Однако были общие закономерности. Квалифицированные рабочие, как правило, стояли ступенькой выше, нежели неквалифицированные. Евреи обыкновенно занимали самую нижнюю ступень лагерной иерархии, а немцы — верхнюю. Узники с опытом лагерной жизни обладали преимуществом перед новичками, поскольку опыт предполагал наличие связей, крайне важных для выживания.
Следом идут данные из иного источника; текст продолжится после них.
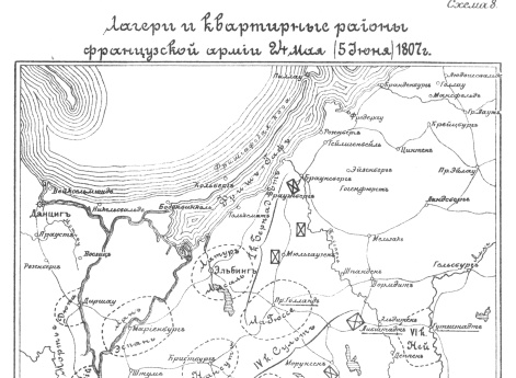 Лагеря и квартирные районы французской армии 24 мая (5 июня) 1807
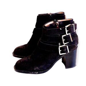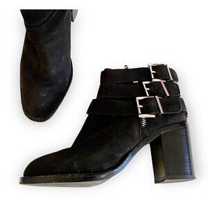 Jeffrey Campbell 3 buckle Rayburn Black Nubuck Ankle Boot Size 7.5
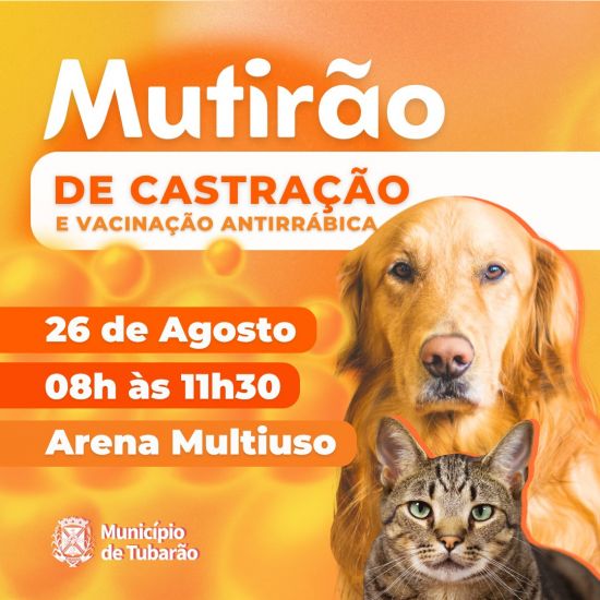 A Fundação Municipal de Meio Ambiente (Funat), em colaboração com a Unisul, realizará um mutirão de castração para cães e gatos nesta segunda-feira (26), com o intuito de controlar a população desses animais no município. O evento acontecerá na Arena Multiuso, das 8h às 11h30.

Лагерные ветераны, зная, что значит выжить за колючей проволокой, уважали друг друга, кроме того, старожилы не слишком доверяли новичкам. Как вспоминал Рудольф Врба, в Освенциме среди узников существовала своеобразная «мафия». Впрочем, в других лагерях старожилы также занимали привилегированное положение. Разница между ветеранами и новичками бросалась в глаза моментально. Номера на одежде старожилов были меньше, а сама она — чище. Отличия не стирались даже ночью, в темноте барака, хотя бы потому, что «старожилы» говорили между собой на лагерном жаргоне.
<...>
Подчас элита заключенных жила в своем обособленном мире. В то время как рядовые узники ежедневно боролись за жизнь, привилегированные, напротив, наслаждались бездельем
Их привилегии, пусть и куцые, позволяли то, что в лагере казалось немыслимым.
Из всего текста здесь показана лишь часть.